Conversely, other strategies can stagnate us and perpetuate negative emotions. Instead of orchestrating positive emotion and a sense of accomplishment, individuals may resort to emotion-dependent coping strategies (Hoffman, 2015) that are troublesome because emotion-dependent strategies impede progress toward goals and, instead, shift cognitive resources to battle the negative emotion. The stressed-out person at work gets no benefit from commiserating with others or complaining about the company, and the source of the frustration merely lingers, often becoming more unbearable.
For the stress reduction strategy to work, individuals must first detect and recognize instances of emerging negative emotions. More importantly, the individual must perceive negative consequences as temporary obstacles that can be ignored or eliminated rather than as fixed or insurmountable.
Coping with negative stress requires a strong belief in the ability to exercise control over one’s existence. In essence, an individual faced with an emotionally charged event must have the wherewithal to recognize the need to use deliberate and intentional coping strategies, actively avoid negative thinking, and know precisely when and how to use the regulatory strategies in the individual’s repertoire.
Like stress reactions, using the strategies is subjective, but the most resourceful and resilient people are often the ones who successfully turn sour lemons into lemonade!
Corbett, M. (2015). From law to folklore: work stress and the Yerkes-Dodson Law. Journal of Managerial Psychology, 30(6), 741-752.
Hoffman, B. (2015). Motivation for Learning & Performance. Academic Press.
Corno, L. (2004). Work habits and work styles: The psychology of volition in education. Teachers College Record, 106, 1669–1694.
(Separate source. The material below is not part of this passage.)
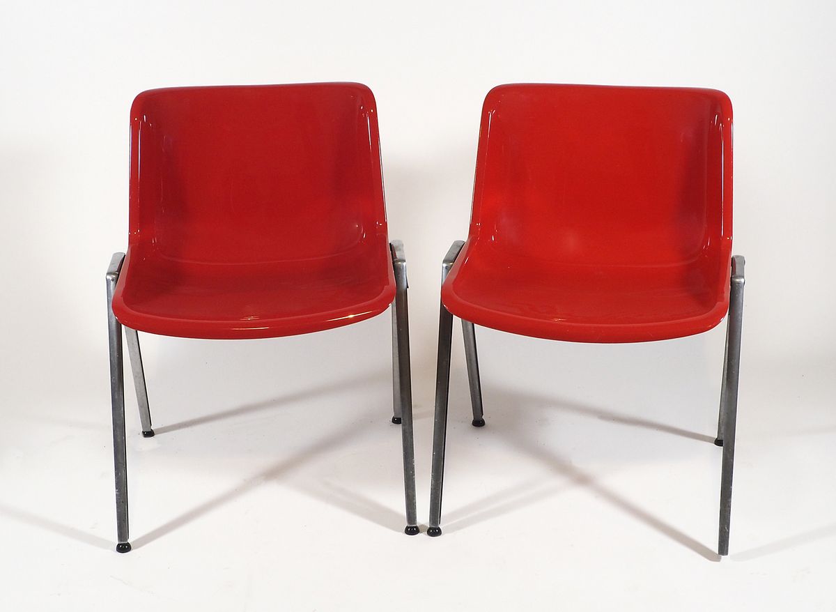 Lotto di 4 sedie modello Modus con seduta in materiale plastico rosso e base in metallo e alluminio. Disegno di O. Borsani.

Elbæk, C. T., Lystbæk, M. N., & Mitkidis, P. (2022). On the psychology of bonuses: The effects of loss aversion and Yerkes-Dodson law on performance in cognitively and mechanically demanding tasks. Journal of Behavioral and Experimental Economics, 98, 101870.
Nicholls, A. R., Polman, R., & Levy, A. R. (2010). Coping self-efficacy, pre-competitive anxiety, and subjective performance among athletes. European Journal of Sport Science, 10(2), 97–102. http://dx.doi.org/10.1080/17461390903271592.
Ryan, R. M., & Deci, E. L. (2020). Intrinsic and extrinsic motivation from a self-determination theory perspective: Definitions, theory, practices, and future directions. Contemporary Educational Psychology, 61, Article 101860.